Everything in the data below except the pictures must be repeated word for word.

* [Data excerpt]:

BEGIN

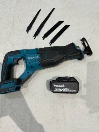 Sierra de sable inalámbrica Makita en color azul y negro. Incluye batería. - Sierra de sable Makita - Batería Makita 18V 5.0Ah - 4 hojas de sierra
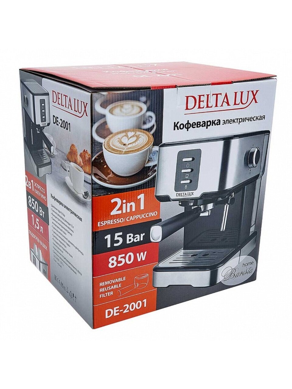 Вы можете приобрести «Кофеварка электрическая, рожковая, 1.5 л, Delta Lux, DE-2001, 850 Вт, 15 бар, капучино, эспрессо, черная» и другие товары в нашем интернет-магазине в Краснодаре по низким ценам и с бесплатным самовывозом.
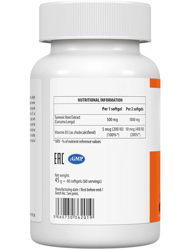 Поєднання куркуміну з вираженими протизапальними й антиоксидантними властивостями та вітаміну D3, необхідного для здоров’я кісток, зубів і м’язів, робить продукт ідеальним вибором для щоденної підтримки організму.

END

* [Written reply]:
 Sierra de sable inalámbrica Makita en color azul y negro. Incluye batería. - Sierra de sable Makita - Batería Makita 18V 5.0Ah - 4 hojas de sierra
 Вы можете приобрести «Кофеварка электрическая, рожковая, 1.5 л, Delta Lux, DE-2001, 850 Вт, 15 бар, капучино, эспрессо, черная» и другие товары в нашем интернет-магазине в Краснодаре по низким ценам и с бесплатным самовывозом.
 Поєднання куркуміну з вираженими протизапальними й антиоксидантними властивостями та вітаміну D3, необхідного для здоров’я кісток, зубів і м’язів, робить продукт ідеальним вибором для щоденної підтримки організму.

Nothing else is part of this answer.